Our hardware design specifically targets the spread of bed bugs, emphasizing user safety and clarity in usage. Recognizing that lactic acid is an irritant and corrosive, we have utilized polycarbonate, an acid-resistant material, to securely contain the lactic acid within the kit. After using the kit, users can safely place it in the provided zipper bag to prevent both leakage of lactic acid and the escape of any captured bed bugs. Additionally, we include a comprehensive user manual to ensure clear and safe operation of the kit.

The safety measures and design principles of our kit can serve as a template for the future development of detection kits for other insects. For instance, silverfish, which damage books and clothing, and cockroaches, common household pests in Hong Kong that can carry various diseases, represent significant targets for detection. When adapting the kit for these insects, suitable pheromones or chemicals can replace L-lactic acid to effectively attract them.

Our detection kit provides a reference to safely and effectively attract flightless insects, thereby facilitating the detection of harmful species and preventing infestations. Future iGEM teams could enhance this design by modifying the lure used, adjusting the size of the components, optimizing the effective time frame, and determining the best placement for the kit to maximize detection efficiency.

Prepare High School Students to Become Future IGEMers

Our educational outreach was designed with the clear goal of inspiring and equipping high school students to become future contributors to the field of synthetic biology and the iGEM competition. We achieved this through a structured progression of initiatives that covered awareness, fundamental concepts, and practical skills.

We began with broad public awareness at our School Open Day, using our past project to demystify complex concepts and showcase the real-world problem-solving potential of synthetic biology. We then moved to targeted events: the collaborative HKSSC workshop provided secondary students with a compelling real-world context (the bed bug problem) for our research, demonstrating the societal relevance of iGEM. This was followed by the HKUST "Be an iGEMer" workshop, which was crucial for hands-on skill development. Here, participants were guided through fundamental lab techniques like cPCR and gel electrophoresis and concluded with a mini-research and presentation session, allowing them to experience the full scope of an iGEM project.

Finally, we ensured the long-term sustainability of our school's involvement through the Biology Research Team (BRT). By mentoring BRT members and conducting regular experiments with them, our iGEM team is actively passing on essential knowledge and technical skills, effectively cultivating and preparing the next cohort of iGEM participants. Through these tiered efforts, we are consistently building enthusiasm, providing practical training, and securing the future of synthetic biology engagement in our community.
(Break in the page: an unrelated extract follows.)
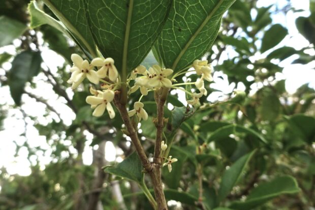 ギンモクセイは白い(しろい)花(はな)を咲かせ(さかせ)ます。キンモクセイはオレンジ色(しょく)の花(はな)を咲かせ(さかせ)ます。それぞれ銀色(ぎんいろ)と金色(きんいろ)とは少し(すこし)違い(ちがい)ますが、華やか(はなやか)に咲く(さく)姿(すがた)をみるとなんとなく納得(なっとく)してしまいます。

Educating and Engaging the Public in the Bed Bug Problem

Our education efforts were a dynamic, multi-faceted strategy focused on engaging the public in the bed bug problem and simultaneously inspiring future scientists. We leveraged creative media to ensure maximum reach and engagement across diverse age groups. Our primary educational tool was the multilingual leaflet, which provided scientifically validated information on bed bug habits and effects, compiled from peer-reviewed literature and a Cambridge medical expert, and distributed strategically to community centers to ensure accessibility across linguistic groups. For the younger audience, we created an original Comic Book and a hands-on Card Game, transforming a serious public health issue into approachable, interactive learning experiences for children and secondary students, respectively. This creative content was brought to life during our Primary School Outreach, where we used a dramatization of the comic and provided an accessible introduction to synthetic biology, demonstrating its real-world problem-solving potential. This comprehensive approach ensured that we not only raised widespread public awareness about bed bugs but also actively cultivated interest in science and research among the next generation.